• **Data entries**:

_ _ _ _ _ _ _

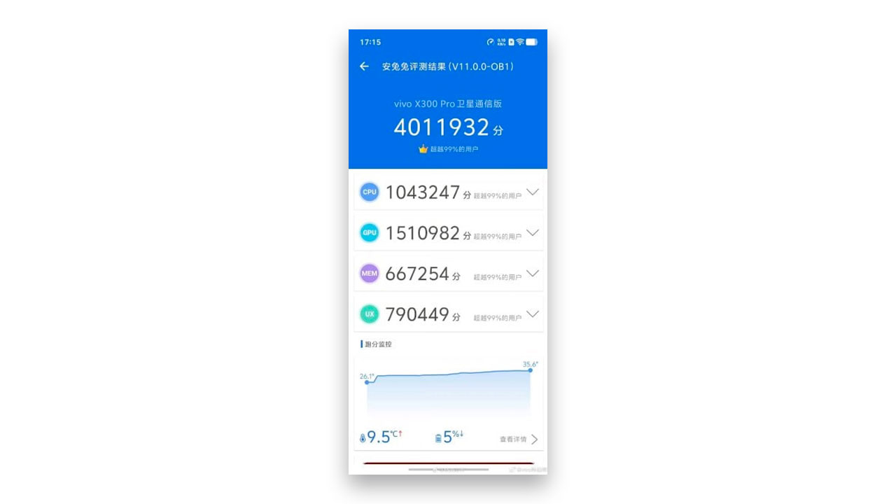 Il presunto Vivo X300 Pro ha totalizzato 4.011.932 punti su AnTuTu v11, distribuiti tra CPU: 1.043.247 e GPU: 1.510.982. Si tratta di valori da top di gamma, in particolare sul fronte grafico. Questi numeri non sostituiscono i test reali, ma indicano un solido salto generazionale lato compute e rendering, utile per gaming ad alto frame rate e carichi AI on‑device.
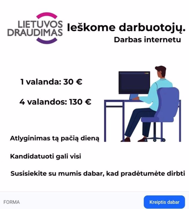 Ieškodami naujų būdų, kaip patekti į gyventojų sąskaitas ir išvilioti pinigų, sukčiai apsimeta realiomis verslo bendrovėmis ir jų vardu siūlo dirbti nuotoliu. Pastaruoju metu socialiniuose tinkluose fiksuojama informacija, neva didžiausias šalies draudikas „Lietuvos draudimas“ siūlo darbą internetu, mokėdamas valandinius įkainius. Bendrovė atsiriboja nuo tokių pasiūlymų ir perspėja gyventojus neapsigauti – nepildyti jokių įsidarbinimo anketų ir nesuteikti asmeninės informacijos.
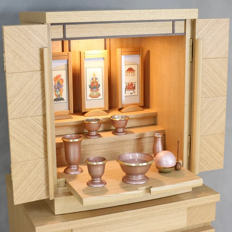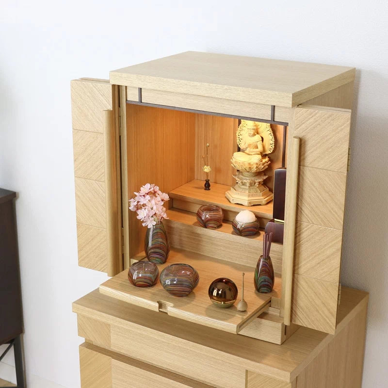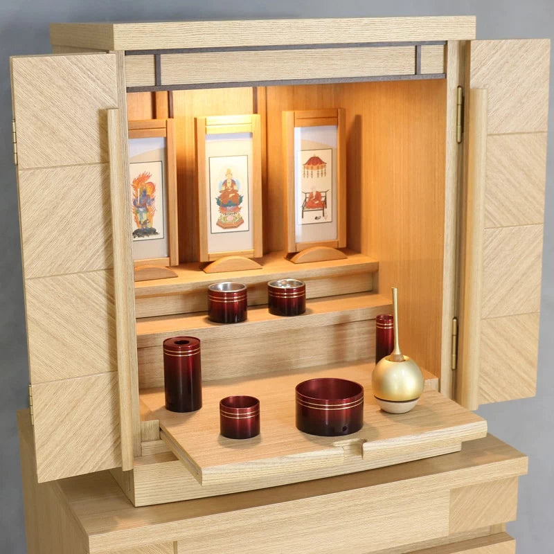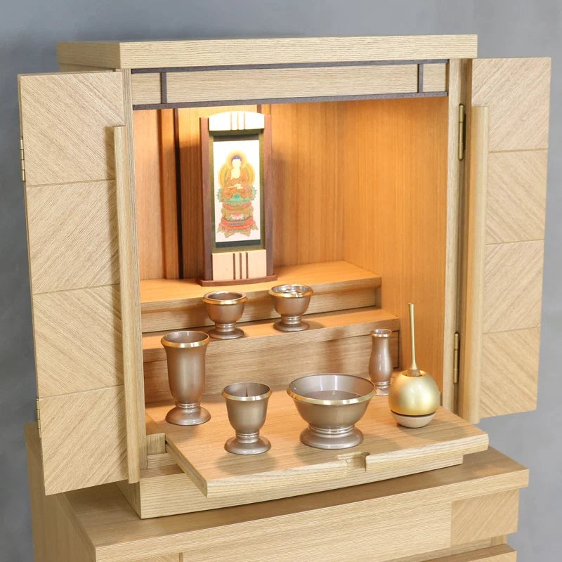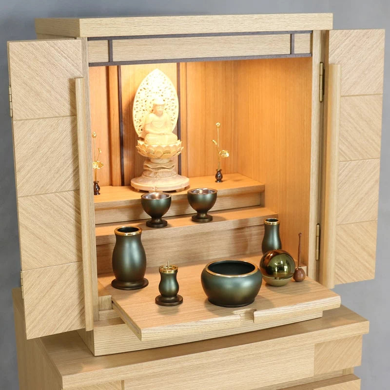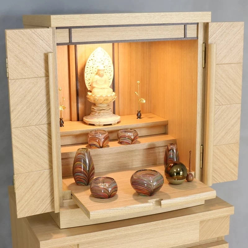 • 特 徴: 国産品 、 LEDライト 、 スライド式内部段 、 引き出し収納 、 須弥壇取り外し可能 、 柾目の直線が多めの木目 、 セット仏壇の仏具シュミレーションあり 、 台の上に設置するタイプ
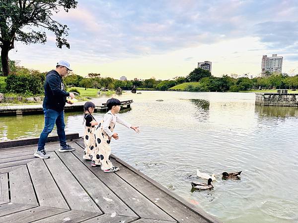 小孩最愛的還有湖畔餵魚,這裡還有許多鴨鴨,餵起來非常有成就感,園區有魚鴨飼料投幣機,銅板價格就能讓孩子餵得好開心~
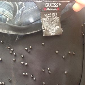 GUESS Chiffon Beaded Poncho Style Top. Ties at one shoulder, hangs down to knee on one side. Very unique. Can be worn with a tube top underneath and shorts, or even over a bathing suit!! Fabulous find!!
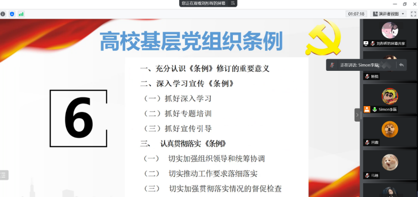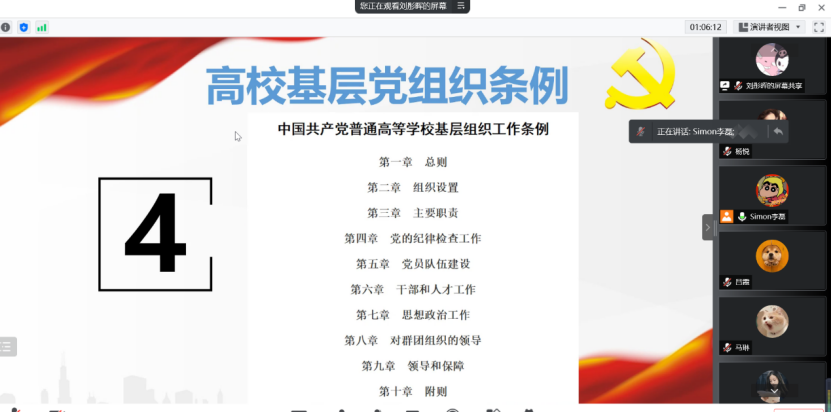 会议伊始,李磊同志传达了校党委关于认真学习贯彻《中国共产党普通高等学校基层组织工作条例》的通知,并带领大家了解了《条例》修订的过程背景、指导思想和修订原则,随后重点学习了《条例》有关高校党的建设工作应当遵循的原则,推动党的创新理论进教材进课堂进头脑,办好思想政治理论课,加强“四史”教育等规定精神。
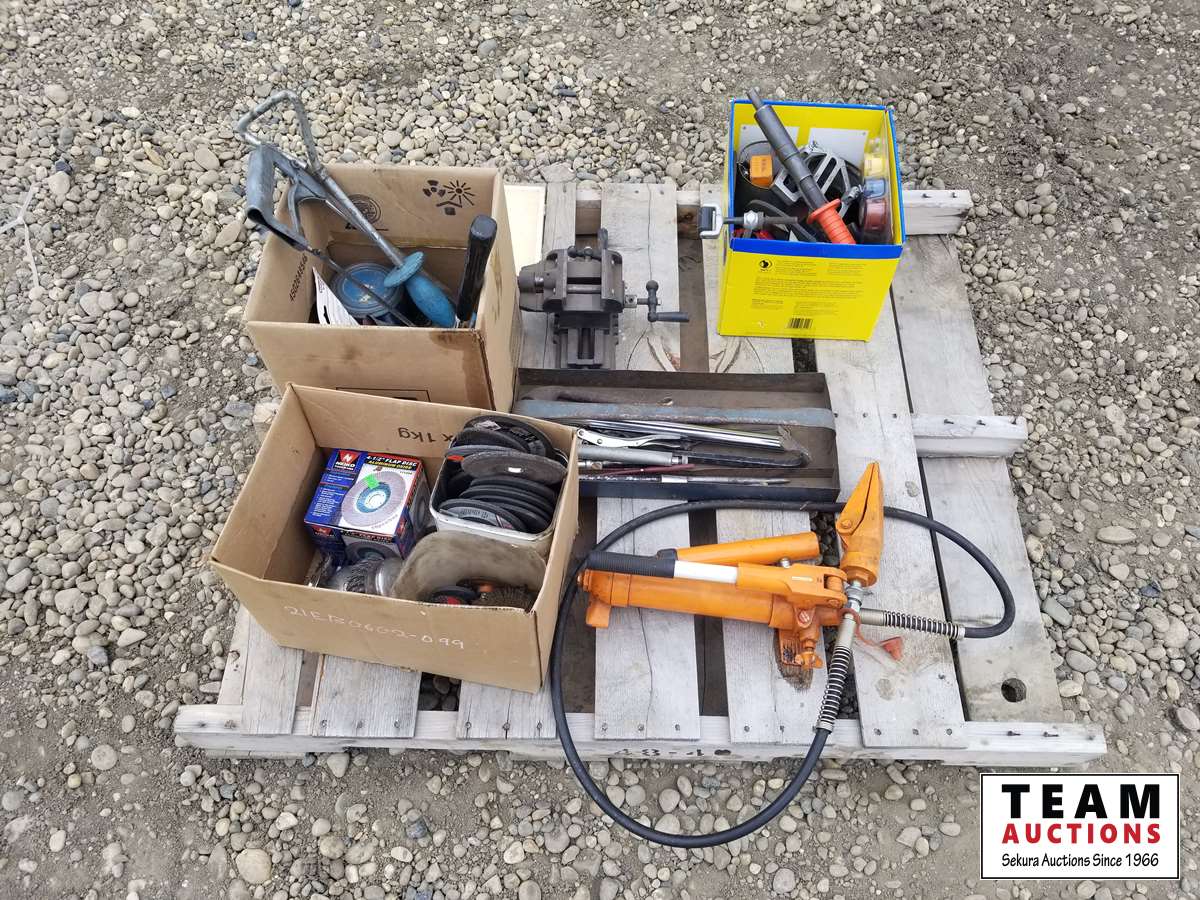 334 Pallet of Misc Shop Tools, Drill Bit, Small Shop Bench Vise, Grinder Blades & Misc Tools
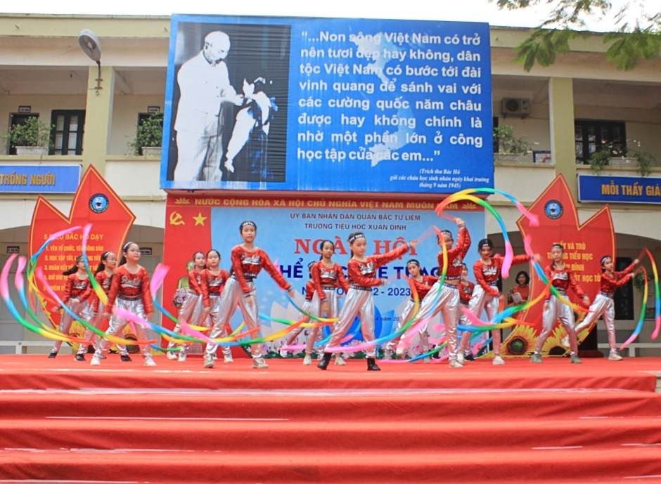 Góp phần làm sôi động không khí, trường TH Xuân Đỉnh cũng có những tiết mục văn nghệ đã được chuẩn bị một cách chỉn chu để chào mừng ngày lễ long trọng này.

_ _ _ _ _ _ _

All lines from the one containing "会议伊始,李磊同志传达了校党" through the end of the entries, both ends included, should be written out exactly, with no pictures.

• **RESPONSE FOR THIS EXERCISE**:
 会议伊始,李磊同志传达了校党委关于认真学习贯彻《中国共产党普通高等学校基层组织工作条例》的通知,并带领大家了解了《条例》修订的过程背景、指导思想和修订原则,随后重点学习了《条例》有关高校党的建设工作应当遵循的原则,推动党的创新理论进教材进课堂进头脑,办好思想政治理论课,加强“四史”教育等规定精神。
 334 Pallet of Misc Shop Tools, Drill Bit, Small Shop Bench Vise, Grinder Blades & Misc Tools
 Góp phần làm sôi động không khí, trường TH Xuân Đỉnh cũng có những tiết mục văn nghệ đã được chuẩn bị một cách chỉn chu để chào mừng ngày lễ long trọng này.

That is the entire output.